Businessman and St Vincent de Paul volunteer went on robbing spree in nightclub

November 28, 2017

A businessman who works voluntarily with St Vincent de Paul has been ordered to pay his own charity €1,000 after going on a stealing spree at a nightclub.

Gearoid Knight stole two iPhones, a lady’s handbag and bank cards during a disco in Co Donegal.

Knight, who manages a staff of 25 people at a service station in Co Laois, stole the handbag and then went into the toilets of the Voodoo in Letterkenny and emptied out the contents.

He stuffed the gold handbag down the back of the toilet.

However, what Knight did not know was that the owner of the handbag, Justine Fisher had spotted him stealing the bag.

When 25-year-old Knight emerged from the toilet, he was apprehended by security staff.

The accused, of Old Pound, Ballybrittas, Co Laois, appeared at Letterkenny District Court charged with a range of offences including stealing goods and handling stolen goods on November 11th last.

The court was told that Knight, who had no previous convictions, was attending a friend’s birthday party in Letterkenny.

He said he had no explanation as to why he stole the items but said he had too much to drink.

However, Judge Paul Kelly said there was some element of pre-planning to it.

He told Knight that if any one of his 25 employees had stolen from his company then they would be let go.

He told Knight’s solicitor, Mr Kieran Dillon “I’m trying to get into the mindset of somebody with all your client’s advantages and background that would make him take a handbag two phones and bank cards.

“There was an element here of planning or preparation to this. It didn’t just fall into his lap. There was a conscious set of actions.”

Solicitor Mr Dillon said his client’s parents were also heavily involved with St Vincent de Paul.

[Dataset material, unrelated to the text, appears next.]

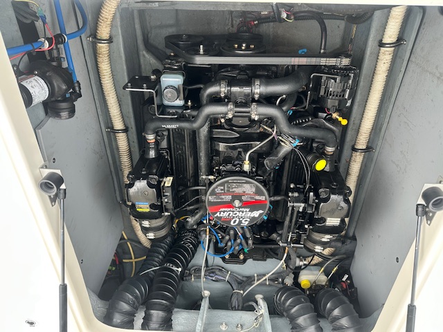 - Powerful & Reliable: MerCruiser 5.0L TKS V8 (220 HP) paired with Alpha One outdrive – smooth performance and quick to plane.
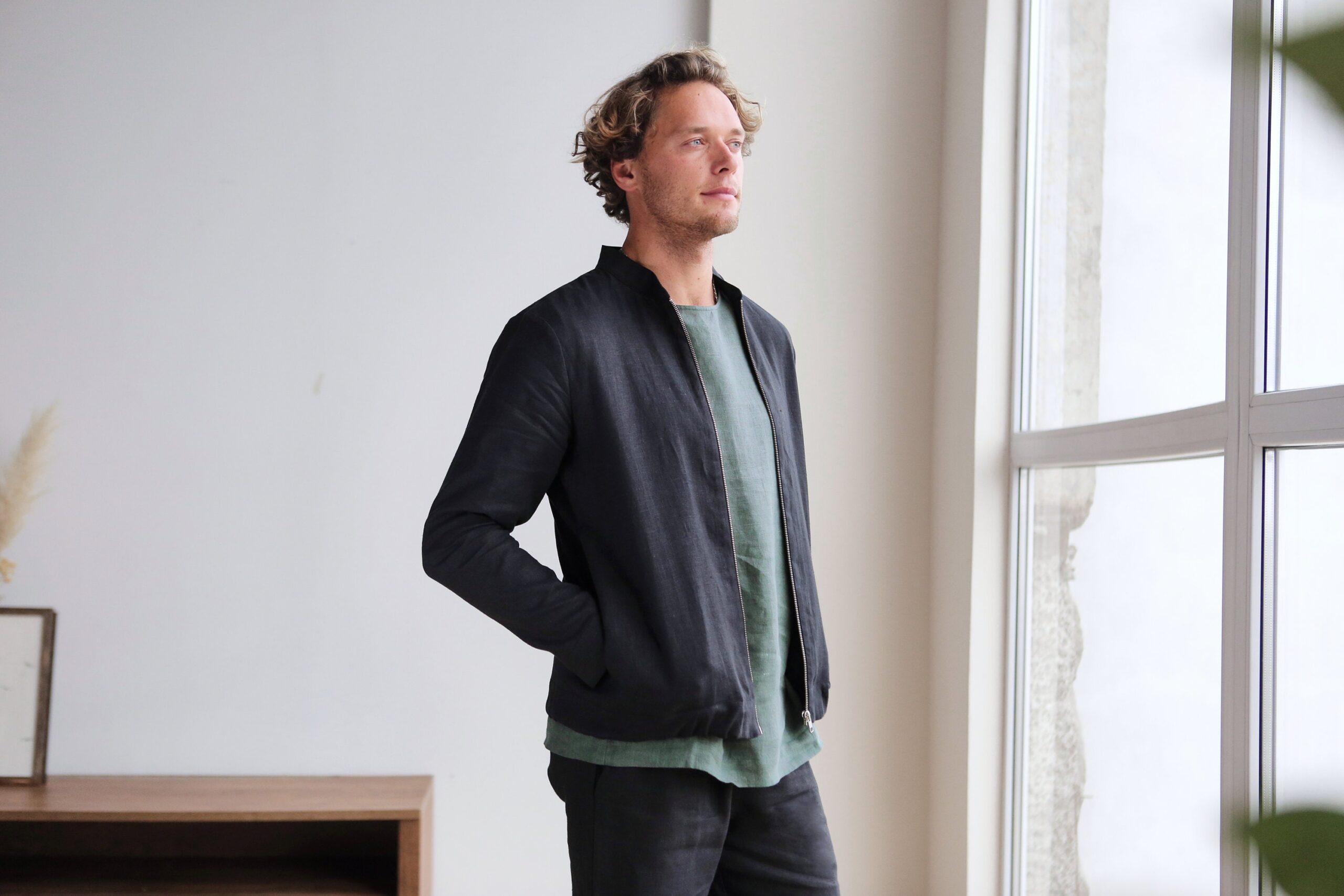 This elegant and comfy linen bomber jacket makes a luxurious and functional gift for that special man in your life.

“He is embarrassed and ashamed of what happened. He is here and is anxious to plead guilty. He had been drinking a lot more than he normally would.

“He is heavily involved in the community and this is something is simply can’t explain. He is very anxious to make amends.”

The court was also told that another victim, Mr Ian Reid, claimed that a bank card which he had in his pocket had been later found in Knight’s wallet.

Judge Kelly said that because the accused had no previous convictions and that he had met the charge at the first possible opportunity, he would deal with the charges in a certain way.

He ordered Knight to pay a donation of €1,000 to St Vincent de Paul in Letterkenny and struck out the charges.